■ WORK ORDER
The answer must consist solely of the lines below starting at the one containing "Baches y fuga" and ending at the one containing "There were no", repeated exactly, with both ends included and all pictures omitted.

■ INFORMATION SHOWN
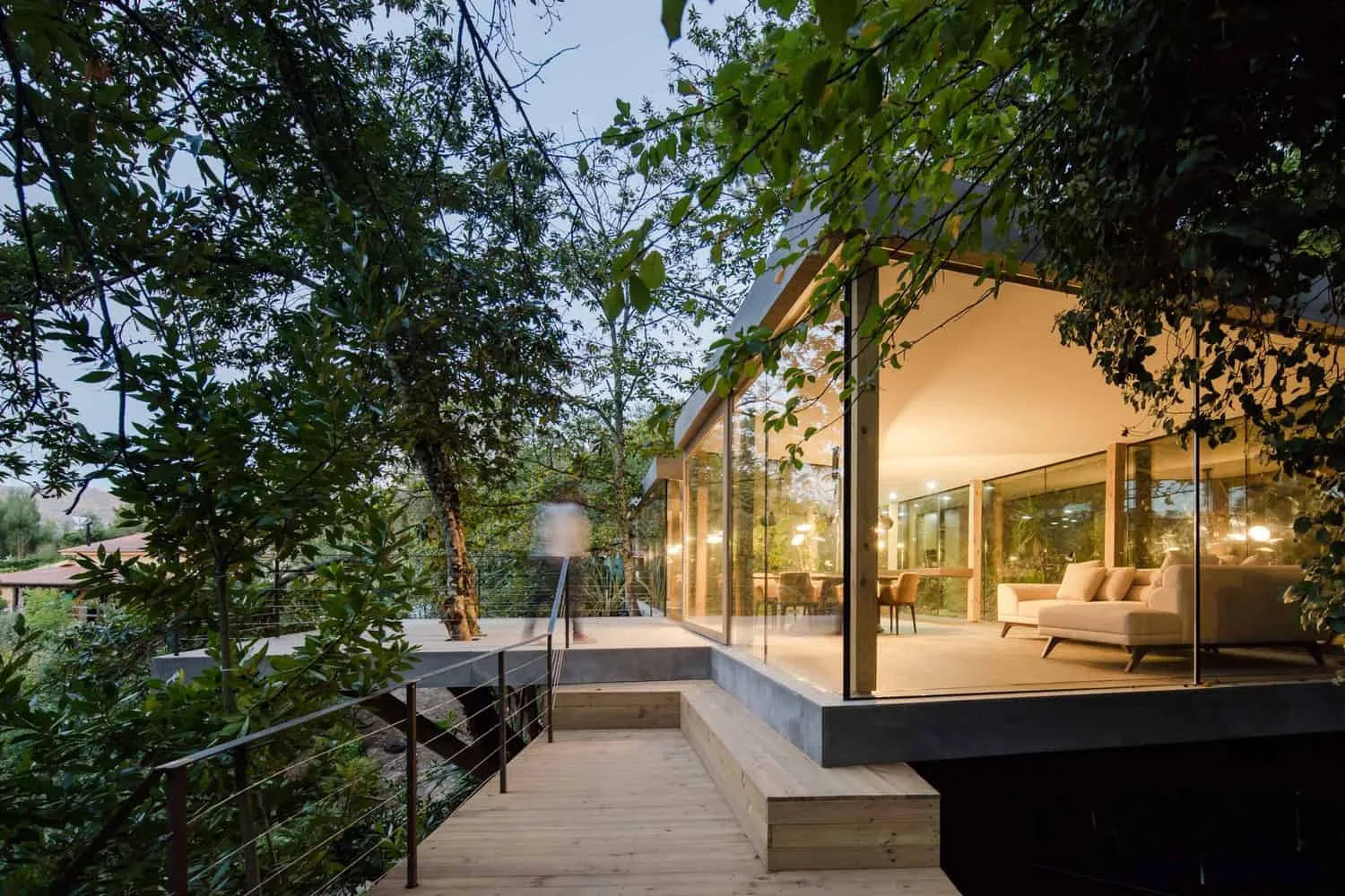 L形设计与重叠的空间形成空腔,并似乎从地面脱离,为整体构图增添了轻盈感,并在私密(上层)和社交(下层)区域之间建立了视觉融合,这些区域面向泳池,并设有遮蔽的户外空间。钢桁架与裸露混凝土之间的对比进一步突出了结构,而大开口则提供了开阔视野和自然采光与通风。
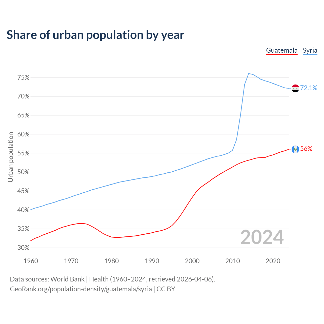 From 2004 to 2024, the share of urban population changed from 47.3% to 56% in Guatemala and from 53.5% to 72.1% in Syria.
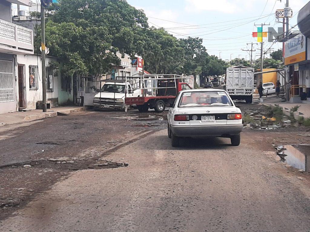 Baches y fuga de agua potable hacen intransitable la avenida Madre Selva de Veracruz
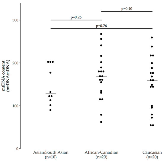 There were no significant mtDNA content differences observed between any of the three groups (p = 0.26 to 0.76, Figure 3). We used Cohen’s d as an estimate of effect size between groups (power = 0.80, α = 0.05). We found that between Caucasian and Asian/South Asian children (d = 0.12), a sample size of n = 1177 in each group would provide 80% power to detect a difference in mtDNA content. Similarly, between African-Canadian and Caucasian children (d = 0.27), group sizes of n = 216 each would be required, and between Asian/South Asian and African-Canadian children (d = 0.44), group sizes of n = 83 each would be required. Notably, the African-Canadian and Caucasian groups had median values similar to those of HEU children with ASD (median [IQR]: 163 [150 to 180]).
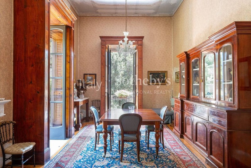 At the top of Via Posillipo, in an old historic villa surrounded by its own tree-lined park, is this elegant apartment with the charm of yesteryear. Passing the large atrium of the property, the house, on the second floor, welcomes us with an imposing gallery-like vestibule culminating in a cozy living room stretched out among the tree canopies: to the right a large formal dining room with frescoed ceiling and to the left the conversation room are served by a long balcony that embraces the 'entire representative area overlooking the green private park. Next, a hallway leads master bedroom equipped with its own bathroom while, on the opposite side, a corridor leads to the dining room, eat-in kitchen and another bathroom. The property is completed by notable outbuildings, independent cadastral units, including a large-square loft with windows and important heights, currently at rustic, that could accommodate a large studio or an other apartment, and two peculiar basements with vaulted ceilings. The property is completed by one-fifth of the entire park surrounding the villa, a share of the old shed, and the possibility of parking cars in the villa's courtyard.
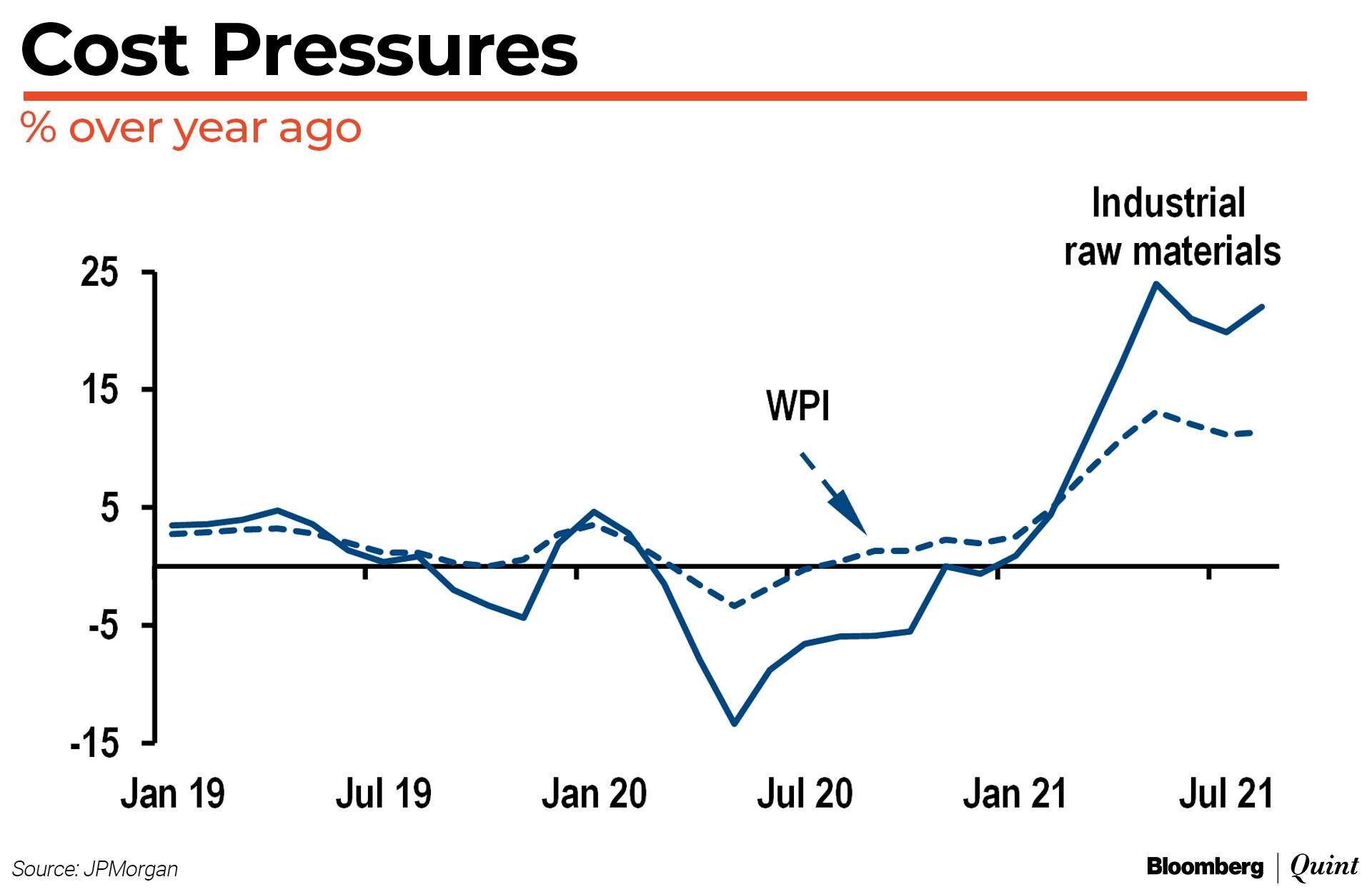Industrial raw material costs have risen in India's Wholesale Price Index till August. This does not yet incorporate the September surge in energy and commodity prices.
---
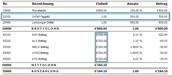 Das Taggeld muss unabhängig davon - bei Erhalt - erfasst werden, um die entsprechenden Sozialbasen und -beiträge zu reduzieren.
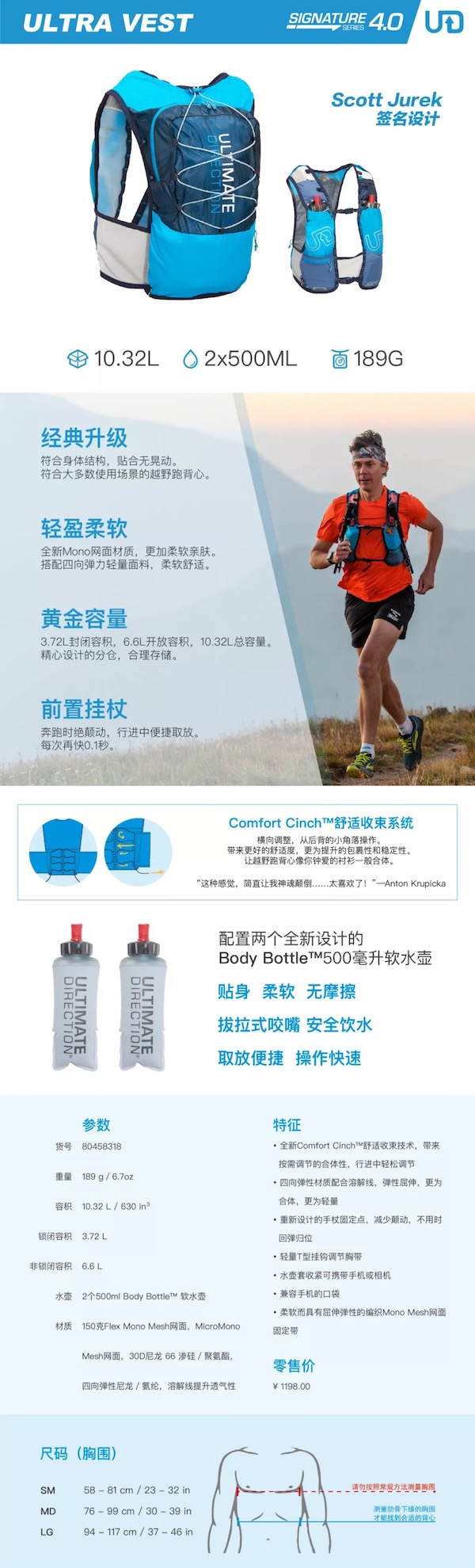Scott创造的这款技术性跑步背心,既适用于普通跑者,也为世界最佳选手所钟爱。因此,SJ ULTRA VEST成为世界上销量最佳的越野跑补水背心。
--
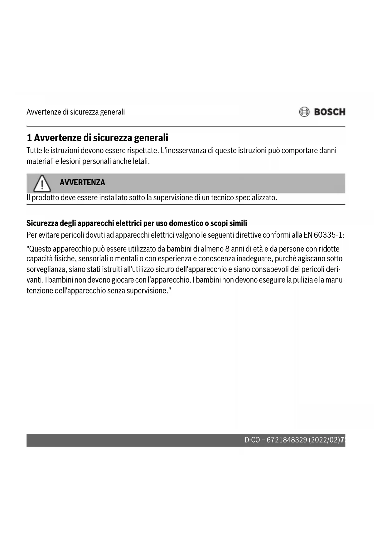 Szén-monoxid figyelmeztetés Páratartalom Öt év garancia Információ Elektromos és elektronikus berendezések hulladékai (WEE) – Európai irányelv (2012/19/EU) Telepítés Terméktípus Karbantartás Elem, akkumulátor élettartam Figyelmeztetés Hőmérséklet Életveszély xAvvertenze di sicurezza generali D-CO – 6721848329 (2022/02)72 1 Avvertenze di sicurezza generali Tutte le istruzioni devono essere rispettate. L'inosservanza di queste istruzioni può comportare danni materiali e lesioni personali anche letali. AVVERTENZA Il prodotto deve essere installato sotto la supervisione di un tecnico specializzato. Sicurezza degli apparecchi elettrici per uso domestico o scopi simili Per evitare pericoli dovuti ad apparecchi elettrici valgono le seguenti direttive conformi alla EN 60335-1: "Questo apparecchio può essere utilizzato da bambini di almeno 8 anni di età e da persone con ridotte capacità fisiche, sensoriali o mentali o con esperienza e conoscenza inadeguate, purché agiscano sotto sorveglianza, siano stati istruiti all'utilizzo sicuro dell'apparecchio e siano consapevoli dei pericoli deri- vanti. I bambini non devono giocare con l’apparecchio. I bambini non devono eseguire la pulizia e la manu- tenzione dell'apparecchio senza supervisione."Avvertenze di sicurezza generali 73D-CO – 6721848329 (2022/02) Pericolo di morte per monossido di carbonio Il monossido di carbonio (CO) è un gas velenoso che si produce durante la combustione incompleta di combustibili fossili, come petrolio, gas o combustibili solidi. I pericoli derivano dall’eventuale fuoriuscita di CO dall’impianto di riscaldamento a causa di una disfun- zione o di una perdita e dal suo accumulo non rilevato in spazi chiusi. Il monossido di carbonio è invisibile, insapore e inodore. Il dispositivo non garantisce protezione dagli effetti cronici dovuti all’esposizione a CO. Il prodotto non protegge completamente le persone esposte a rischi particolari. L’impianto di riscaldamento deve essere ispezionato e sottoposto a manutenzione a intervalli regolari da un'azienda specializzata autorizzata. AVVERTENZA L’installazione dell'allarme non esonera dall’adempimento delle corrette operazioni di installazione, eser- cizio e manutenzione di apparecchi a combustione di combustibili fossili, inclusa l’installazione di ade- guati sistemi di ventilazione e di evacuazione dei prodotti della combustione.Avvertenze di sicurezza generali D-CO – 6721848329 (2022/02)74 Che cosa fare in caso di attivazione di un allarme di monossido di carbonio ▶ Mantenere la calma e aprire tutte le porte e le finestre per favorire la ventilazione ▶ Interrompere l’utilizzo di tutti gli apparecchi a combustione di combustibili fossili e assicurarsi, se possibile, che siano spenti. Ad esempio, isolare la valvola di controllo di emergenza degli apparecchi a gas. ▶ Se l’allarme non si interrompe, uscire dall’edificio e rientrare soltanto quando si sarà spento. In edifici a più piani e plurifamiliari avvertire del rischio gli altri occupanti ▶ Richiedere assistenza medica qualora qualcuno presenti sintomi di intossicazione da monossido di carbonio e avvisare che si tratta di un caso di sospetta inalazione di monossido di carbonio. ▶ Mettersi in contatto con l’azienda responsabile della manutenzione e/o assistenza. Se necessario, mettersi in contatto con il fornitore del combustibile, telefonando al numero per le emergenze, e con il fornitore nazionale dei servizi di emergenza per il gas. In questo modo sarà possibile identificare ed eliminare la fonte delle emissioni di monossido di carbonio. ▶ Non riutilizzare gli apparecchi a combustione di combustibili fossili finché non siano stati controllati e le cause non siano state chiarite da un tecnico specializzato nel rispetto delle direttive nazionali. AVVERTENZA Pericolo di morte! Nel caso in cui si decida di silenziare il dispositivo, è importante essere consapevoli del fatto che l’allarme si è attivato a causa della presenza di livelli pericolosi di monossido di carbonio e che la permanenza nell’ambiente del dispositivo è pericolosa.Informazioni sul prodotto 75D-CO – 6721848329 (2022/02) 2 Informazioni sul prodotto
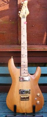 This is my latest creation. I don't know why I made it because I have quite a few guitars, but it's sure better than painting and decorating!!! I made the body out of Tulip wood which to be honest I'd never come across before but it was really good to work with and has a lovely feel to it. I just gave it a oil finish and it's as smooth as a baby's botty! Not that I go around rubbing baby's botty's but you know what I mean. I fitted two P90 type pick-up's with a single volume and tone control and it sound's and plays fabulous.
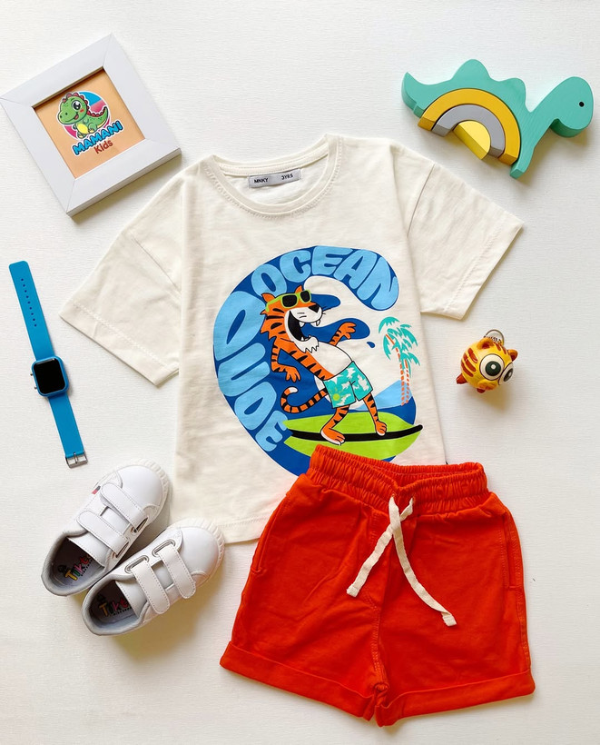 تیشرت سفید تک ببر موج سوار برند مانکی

■ WRITTEN ANSWER
 Baches y fuga de agua potable hacen intransitable la avenida Madre Selva de Veracruz
 There were no significant mtDNA content differences observed between any of the three groups (p = 0.26 to 0.76, Figure 3). We used Cohen’s d as an estimate of effect size between groups (power = 0.80, α = 0.05). We found that between Caucasian and Asian/South Asian children (d = 0.12), a sample size of n = 1177 in each group would provide 80% power to detect a difference in mtDNA content. Similarly, between African-Canadian and Caucasian children (d = 0.27), group sizes of n = 216 each would be required, and between Asian/South Asian and African-Canadian children (d = 0.44), group sizes of n = 83 each would be required. Notably, the African-Canadian and Caucasian groups had median values similar to those of HEU children with ASD (median [IQR]: 163 [150 to 180]).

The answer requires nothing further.